Он молча слушал ее, готовя в мыслях возражения. Но она продолжала:

– Далее… Когда-нибудь впоследствии, в Париже… Там надо будет совершить самое трудное… Вы должны будете добиться у нее постепенно… добиться у нее мира… Мира между нами тремя…

– О! – воскликнул Боалль.

Голос его выражал полнейшую безнадежность.

Но мадам Эннебон, бледная, взяла его за руку.

– Это необходимо! – настойчиво повторяла она. – Это необходимо! Иначе, что будет с нами обоими?

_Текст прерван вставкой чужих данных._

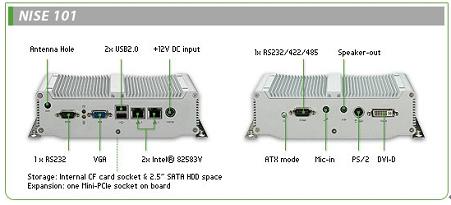 NISE 101无风扇PC是超薄,无风扇,工业等级的系统,机箱尺寸仅为185(W)×132(D)×54mm(H)。 基于Intel Atom-based N270 1.6GHZ处理器和945GSE嵌入式套片组,NISE 101无风扇PC是一个轻量极,高效能的解决方案,同时兼备性能和可靠性,因此拥有工业等级不间断系统的运行能力。
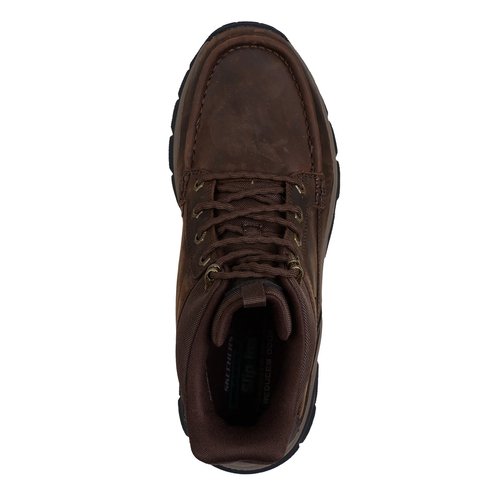 Tread through the elements in all-day comfort with Skechers Hands Free Slip-ins® Relaxed Fit®: Respected 2.0 - Hagler. This moc toe boot features a leather and synthetic upper with front laces, charcoal-infused Skechers Air-Cooled Memory Foam® insole, and an anti-slip Goodyear® Rubber Outsole.

Он пытался ее переубедить. Но, несмотря на весь свой привычный оптимизм, она ясно различила грозящую опасность: она не могла забыть тех нескольких слов, которые накануне ей передал Поль:

– Вы сказали мне, что перед попыткой наложить на себя руки она подумала о разводе… А также о поездке к отцу в Ванн или – в Париж к аббату Мюру…

– Да.

– Аббат Мюр – мой духовник…

– И ее также, вероятно?

– Нет, – рассеянно ответила мадам Эннебон. – У Изабеллы духовника нет и никогда не было… Она просто исповедуется, и больше ничего… И я даже не знаю, у кого она исповедуется… Нет, нет, аббат Мюр – только мой… Это он направил меня сюда к патеру Ронкетти…

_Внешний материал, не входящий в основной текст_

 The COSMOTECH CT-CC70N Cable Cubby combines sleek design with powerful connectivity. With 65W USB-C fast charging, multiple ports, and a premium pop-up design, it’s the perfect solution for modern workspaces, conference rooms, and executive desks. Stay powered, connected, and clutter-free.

Нескромное любопытство побудило Поля спросить:

– Скажите, пожалуйста… Я уж раньше об этом думал… Перед тем, как решиться выдать замуж свою дочь… выдать ее замуж за меня, вы говорили об этом с аббатом Мюром?

– Конечно.

– И он ничего не возражал?

– А что бы он мог возражать?..

– О, Господи! Я думал… Вы же, вероятно, никогда ему не говорили… о ваших отношениях со мною…

– Я ему всегда исповедуюсь во всем… конечно, не называя имен… Какой же вы язычник, мой бедный Поль, если не понимаете, что исповедь должна быть благоразумной?

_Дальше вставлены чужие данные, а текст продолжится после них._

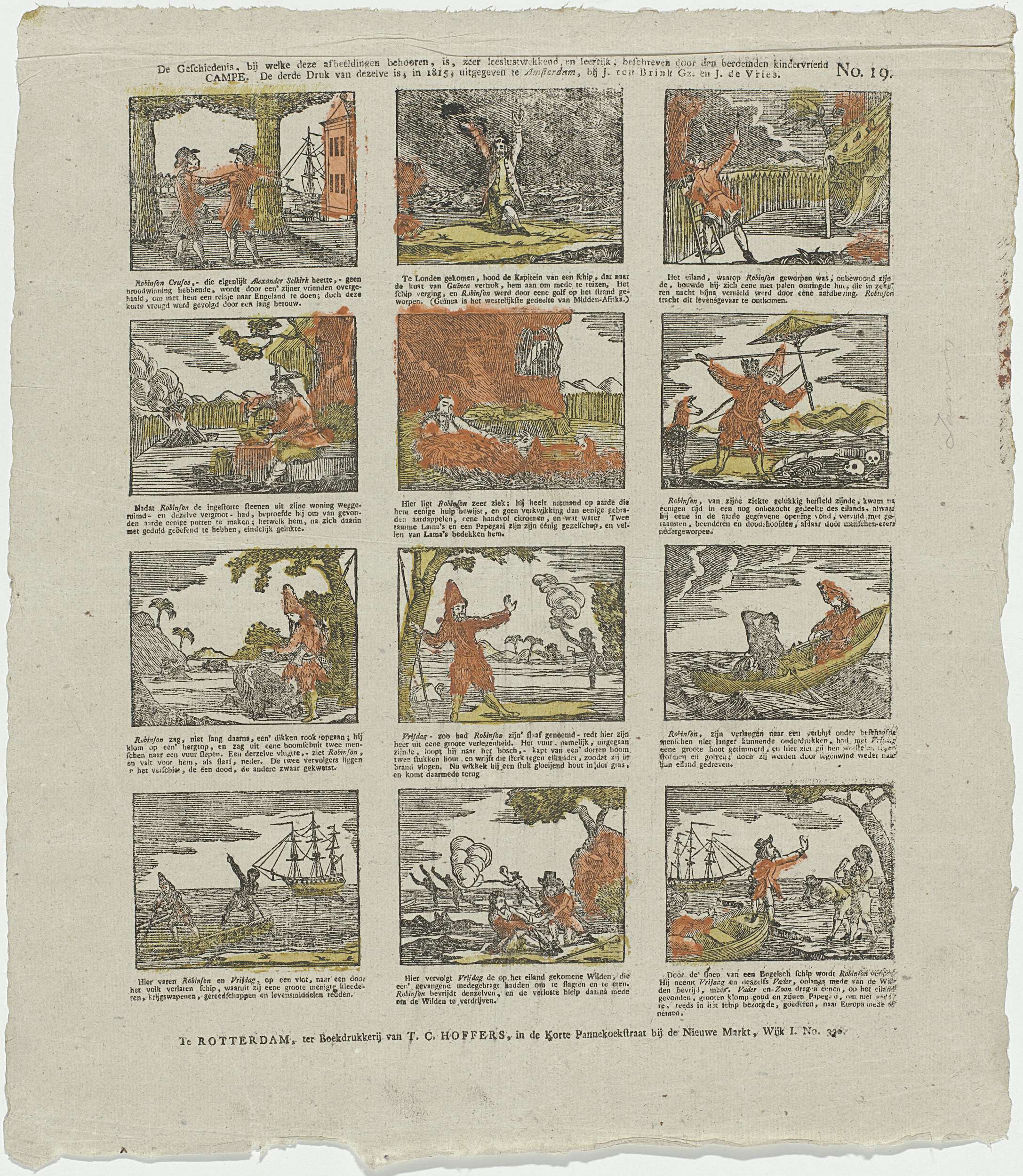 Blad met 12 voorstellingen uit het verhaal van Robinson Crusoe die strandt op een eiland. Onder elke afbeelding een onderschrift. Genummerd rechtsboven: No. 19.

– А!.. – воскликнул он разочарованно.

Но потом, подумав с минуту, он продолжал:

– Во всяком случае, я боюсь, что, если Изабелла действительно посетит аббата Мюра, то она сделает это именно для того, чтобы сообщить ему имена…

– Я уж об этом подумала, – сказала она.

Они посмотрели друг на друга. Она покраснела.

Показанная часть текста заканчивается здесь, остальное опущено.